また、師匠の今成氏の「感性を磨け」という考え方は、大学で教わった先生の方針や、何より田代さん自身のやりたいことと共通する部分も多かった。
約5年住み込みで働き、特にろくろの扱い方、窯の焚き方などはその時期に習得した部分が大きい。また、土の入手先、作品をどこに卸すかなど「陶芸家」の仕事についても学んだ期間だったそう。
手間も時間もかかるが、目指す焼き物に仕上げるために必要な工程

修行期間を経て、独立を意識しはじめ、関西に戻る事も考えているときに、たまたま現在の工房が見つかったため、益子で独立することにした田代さん。2007年のことだった。
田代さんは、電動ろくろで成形し、手回しろくろで器を仕上げる。電動ろくろも回転速度の調整ができるため、最初は高速や中速、仕上げでは低速にするなど、最初から最後まで電動ろくろを使う陶芸家も多い。しかし、この仕上げを手回しろくろで行うのが、田代さんのこだわり。
「電動ロクロだと、ゆっくり回しても規則的になってしまい、自分の作る器の形だとどうしても冷たい印象になってしまいます。手回しろくろなら時間はかかりますが少し回転が変則的になるので、温かみを持たせる事ができます。」
また田代さんの作る器は、薄づくりで繊細なフォルムのものが主。しかし益子の土は砂気が多く粘性が少なく割れやすい性質があり、そのため「益子焼」は厚みがある見た目のものが多い。そこで田代さんは、益子の土に他の産地の土を混ぜることで、自らの作品に適した粘土を作っている。
「シンプルでありながら質感を重視した『表情豊かな』器作りを心がけています。ただ、あくまでも器は道具で、食材が主役だと思っているので、その器に食材を盛り付けた時にどう映るかに重きを置いています。器自体の主張は控えめにする事。収納のしやすさ。結果、長く付き合って飽きのこないモノになると思います。」と田代さんは話す。
素焼きをせずに釉薬をかける「生掛け」

「表情豊かで柔らかい質感を出したい」という田代さんは、焼き方にもこだわる。
一般的な陶器の作り方は、土で器の形を作り、乾燥させてから、一度低温で焼く。これを「素焼き」と呼び、素焼きのあとに釉薬をかけ、その後「本焼き」をして色をつけていく(素焼きの後に色を付ける下絵付けという技法もある)。素焼きをすることで、器の強度が高まり吸水性も上がるので、液状の釉薬をかけた際にも器が崩れることはなく、生地に釉薬を密着させることができる。
しかし田代さんは、この素焼きをせず、「生掛け」と呼ばれる器が半乾きの状態で釉薬をかけて、本焼きをする手法を取っている。
しかし、薄いフォルムでしかも、半乾き状態の土で作られた器の強度は低い。そこに液体の釉薬をかければ、形が崩れやすいのも当然だ。また、形を崩さずに釉薬をかけても、その後で問題が起こりやすい。器そのものの土には水分が含まれているので、乾燥、焼成で水分が蒸発し収縮する。しかしその時点で釉薬はさほど収縮しないため、生地から剥離しやすくなってしまう。素焼きをしていれば、吸水性のある状態(乾いた土の器)に液体(釉薬)をかけることになるので、水分を吸い込み、収縮率もほぼ同じなので器と釉薬の密着度は高まるのだが、田代さんあえてそれをしない。
「特殊なことをやっていたので、独立して3年くらいは全然うまくいかなくて…。住み込みで修行していた期間よりずっと辛かったですね」と田代さん。

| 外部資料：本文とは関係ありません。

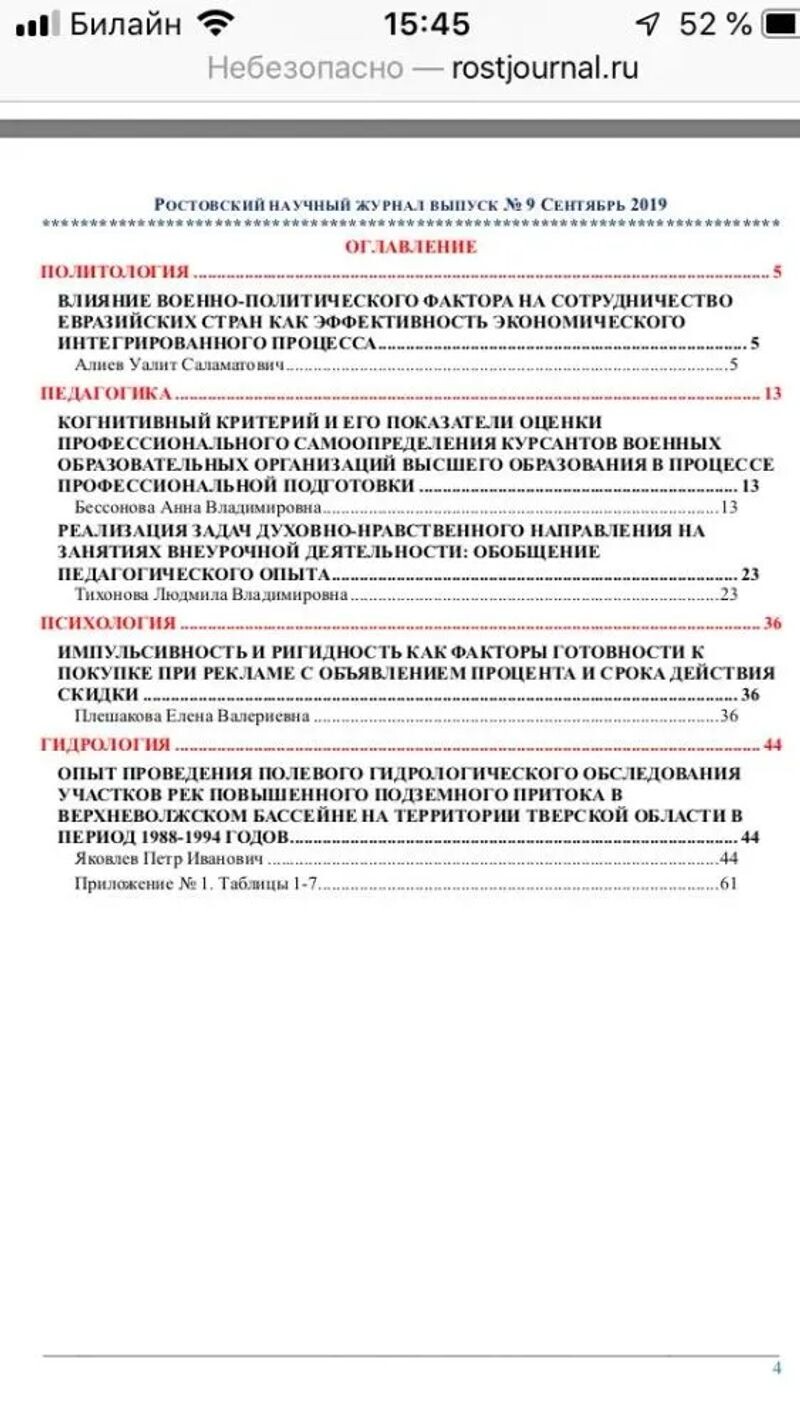 - Статья в журнале «Ростовский научный журнал» (с 2019 г.).

なぜわざわざ、そのような難易度の高い手法を選んだのか。
それは田代さんが師事していた今成氏にあった。もともと陶芸家としての今成氏のルーツは、岡山県の備前焼。備前焼は、素焼きをせず、釉薬もかけずに、高温で長時間焼くのが特徴で、今成氏の元で学んだ田代さんも、この「焼締め」と呼ばれる技法をメインで修行した。その過程で師匠が時折行っていた「生掛け」の技法にも注目。他とは違った自分らしい作風を目指したいという気持ちもあり、独自の表現の幅が広がると考え、焼締めに加えて「生掛け」を積極的に取り入れ始めたのが苦労の始まりだったのだ。
土の配合や釉薬の種類、その濃さや厚み、何度も失敗を繰り返しながら、それぞれの配合を試行錯誤。釉薬を器の内側だけに施す手法をベースにしながら、田代さんの理想の器のフォルムや質感を追求していった。内側だけ釉を施すことで形状を保ち、外側は柔らかな土の質感としている。微調整を重ねながら、現在では外側に刷毛で土を塗り、内側にはコンプレッサーで釉薬を付け足すなど行いながら、田代さんが思い描く「表情豊かな質感」を生み出している。
刷毛で塗ったり、コンプレッサーで吹き付けたりするのは時間と手間がかかる。薄づくりにすると歪みやすいリスクもある。それでも、その手間ひまを乗り越えた先にある仕上がりの質感や風合いの変化を田代さん自身が楽しみながら、目指す器を形にするため日々試行錯誤を重ねている。
その技法に名前があるのか尋ねると「名前は決めていないですね。一発焼きみたいなもので…」と微笑む。
華奢なフォルムに素朴な土の質感。そして均一化された製品には見られることのない、釉薬の濃淡や流れ方。一見シンプルなようでいて、細部まで手をかけ尽くした田代さんの技術と思いを感じずにはいられない。
新たなチャレンジも視野に、価値を感じてもらえるものを作る

毎年春と秋に開催される「益子陶器市」にも欠かさず出店している、個展や企画展などの活動も多く、着実に器のファンを増やし続ける田代さん。
今後の展望について尋ねると「昨今の資材等の値上がりから苦労する部分もあります。ただその中でも如何に自分ならではの感性・技術で表現し続け、価値を感じてもらえるものを作ったいけたらと思います。」とのこと。
現在の工房では、妻の鈴木宏美さんも、陶芸家として活動している。お互いに気に入っているこの益子の地で活動を続けたいという。
2022年には「茨城県陶芸美術館」に器と花器(かき)が収蔵された。県内外のフレンチや洋食店でも、田代さんの器を使いたいという依頼もある。
そうしたきっかけから、宇都宮市内のフレンチレストランをはじめ、洋食店などとの付き合いも増えてきた。「“特別な食事をする場所”で自分の器が使ってもらえることは大変うれしい」と話す田代さん。レストランとの打ち合わせや納品で現場に赴いた際、その場所から受ける刺激やインスピレーションは現在の制作コンセプトにも活かされ、試行錯誤の末にたどり着いた器たちは、確実に人の心を魅了するものへとなっている。
これからは器だけでなく、大学生のときに学んでいたオブジェやインテリア関係など造形的な作品を手掛け、自分の幅を広げていきたいという田代さん。新たな展開にも期待が高まる。